- **WHAT IS NEEDED**: Your task is to retype, exactly and only, the lines from the one containing "ToMill Cosmetic Bag" to the final line of the entries, leaving out all pictures.

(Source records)
- - -

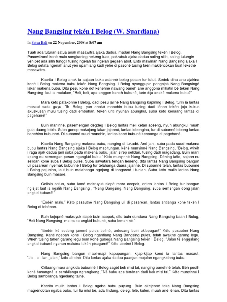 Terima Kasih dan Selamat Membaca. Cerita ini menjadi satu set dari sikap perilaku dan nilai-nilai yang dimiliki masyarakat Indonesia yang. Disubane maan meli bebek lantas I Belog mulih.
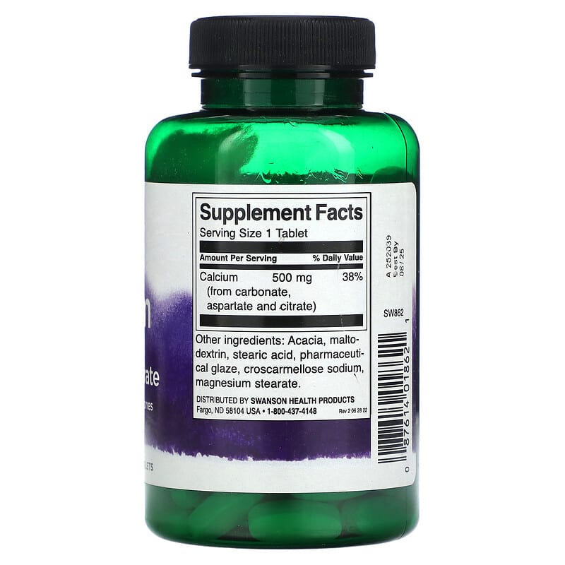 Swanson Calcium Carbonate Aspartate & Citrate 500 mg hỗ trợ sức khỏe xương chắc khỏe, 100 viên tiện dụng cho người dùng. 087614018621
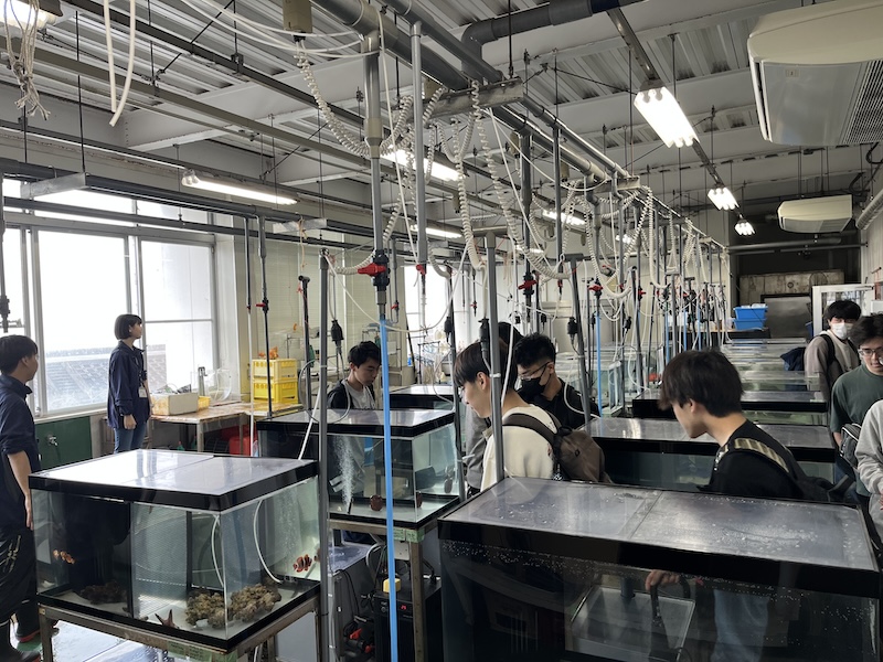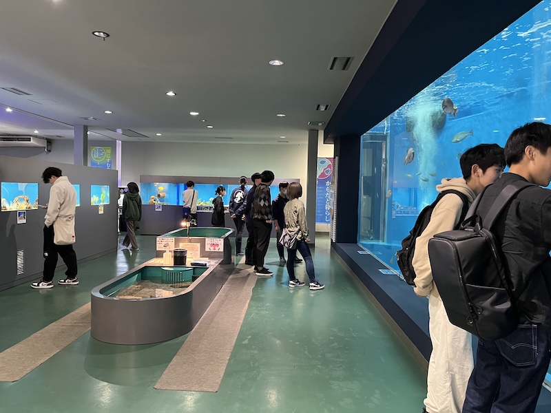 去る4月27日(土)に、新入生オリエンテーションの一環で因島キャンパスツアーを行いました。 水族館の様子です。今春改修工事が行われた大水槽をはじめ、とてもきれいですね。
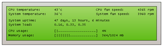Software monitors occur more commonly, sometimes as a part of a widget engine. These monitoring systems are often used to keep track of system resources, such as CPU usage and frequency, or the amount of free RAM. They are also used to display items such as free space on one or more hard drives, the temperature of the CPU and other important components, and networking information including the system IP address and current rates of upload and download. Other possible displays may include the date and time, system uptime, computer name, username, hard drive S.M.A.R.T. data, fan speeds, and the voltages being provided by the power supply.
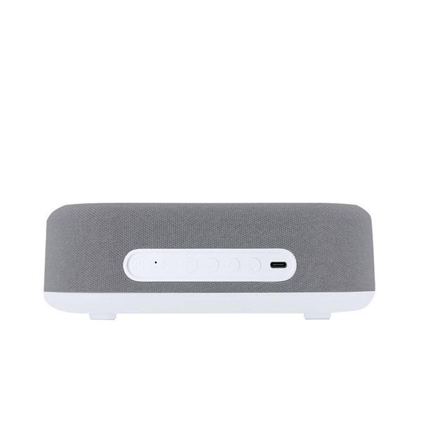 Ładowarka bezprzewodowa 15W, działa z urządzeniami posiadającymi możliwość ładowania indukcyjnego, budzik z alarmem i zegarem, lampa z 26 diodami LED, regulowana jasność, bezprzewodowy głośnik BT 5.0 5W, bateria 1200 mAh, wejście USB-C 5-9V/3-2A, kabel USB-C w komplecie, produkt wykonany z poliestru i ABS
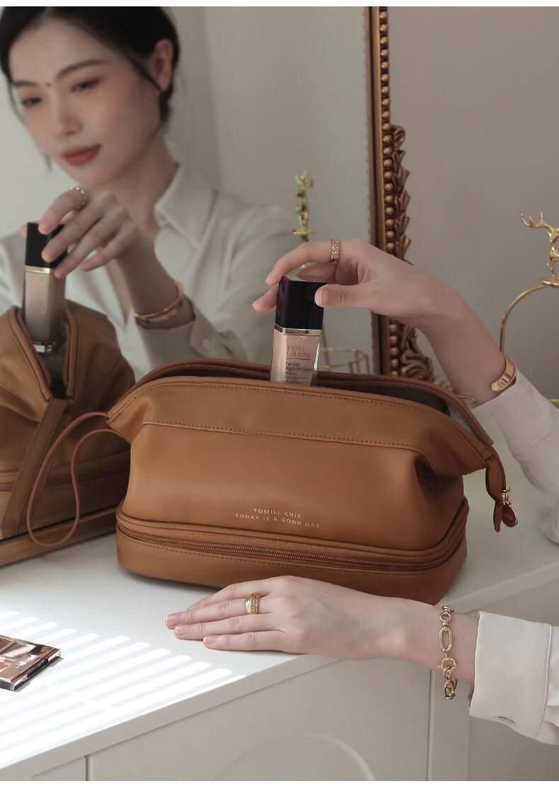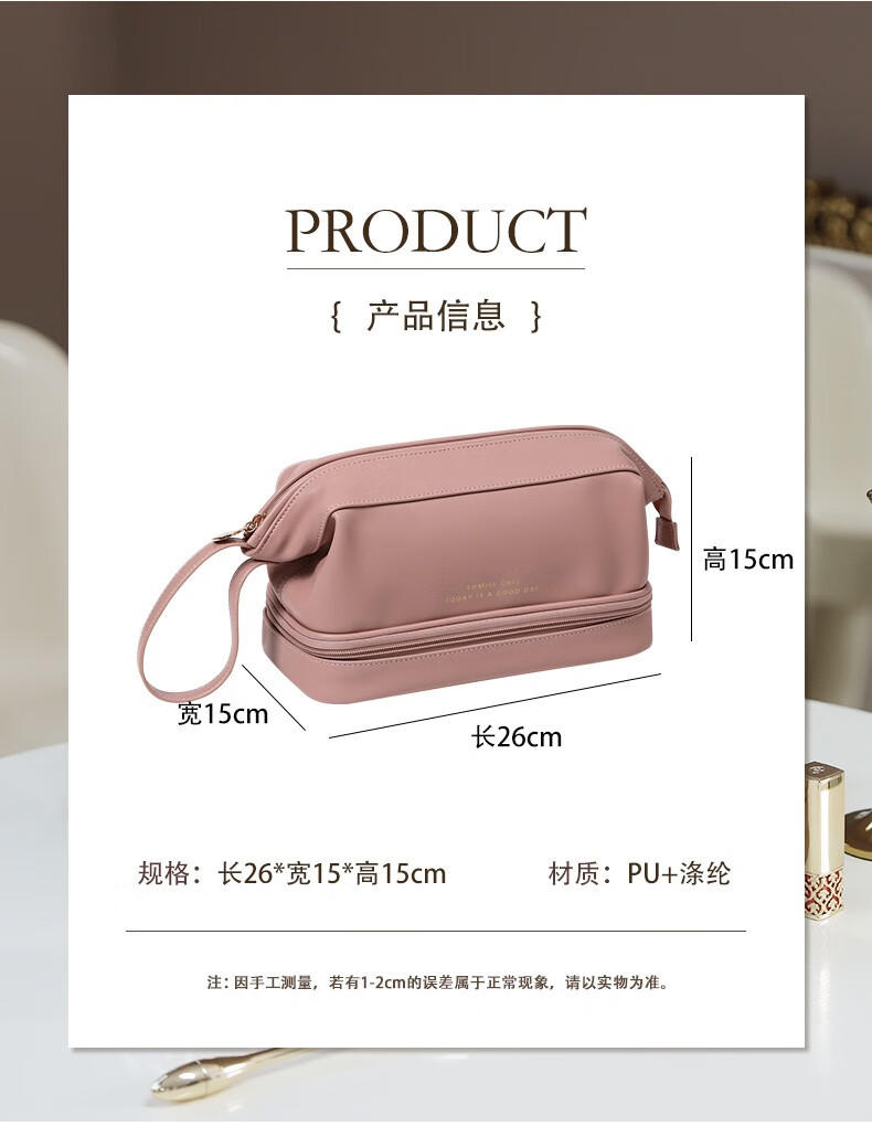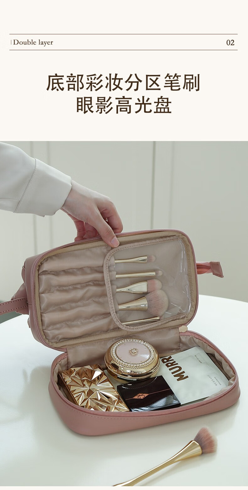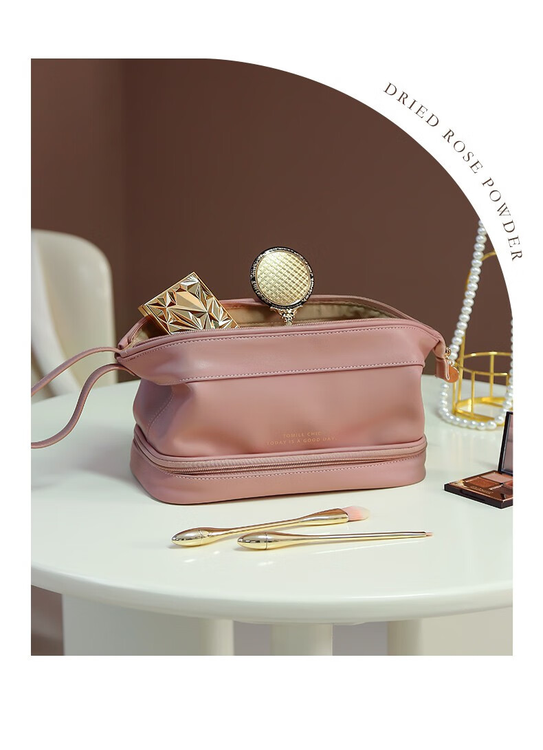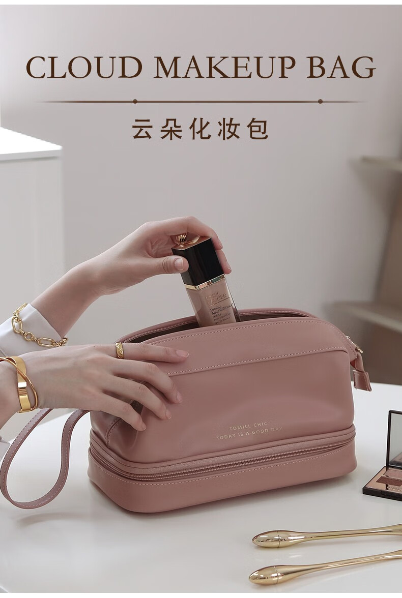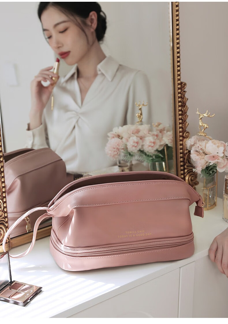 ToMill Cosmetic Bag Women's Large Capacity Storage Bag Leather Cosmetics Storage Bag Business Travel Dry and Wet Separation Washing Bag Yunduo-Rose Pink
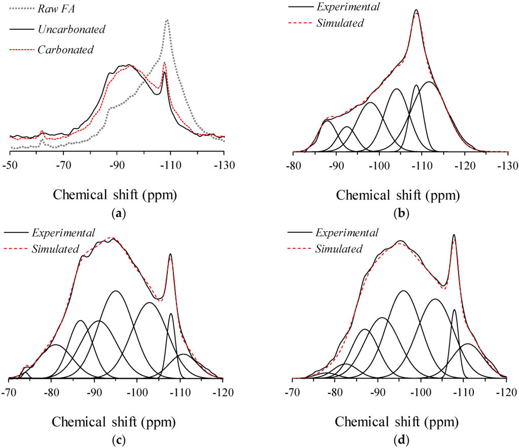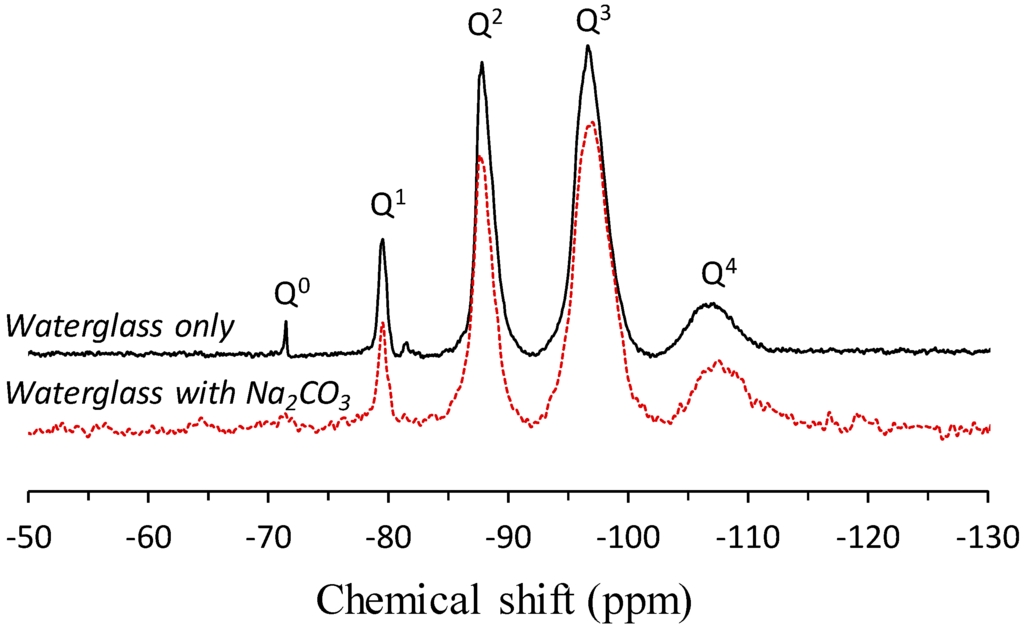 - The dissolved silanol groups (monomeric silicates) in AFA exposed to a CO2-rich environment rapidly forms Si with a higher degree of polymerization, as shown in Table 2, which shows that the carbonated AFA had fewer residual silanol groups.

- - -

- **TASK RESULT**:
 ToMill Cosmetic Bag Women's Large Capacity Storage Bag Leather Cosmetics Storage Bag Business Travel Dry and Wet Separation Washing Bag Yunduo-Rose Pink
 - The dissolved silanol groups (monomeric silicates) in AFA exposed to a CO2-rich environment rapidly forms Si with a higher degree of polymerization, as shown in Table 2, which shows that the carbonated AFA had fewer residual silanol groups.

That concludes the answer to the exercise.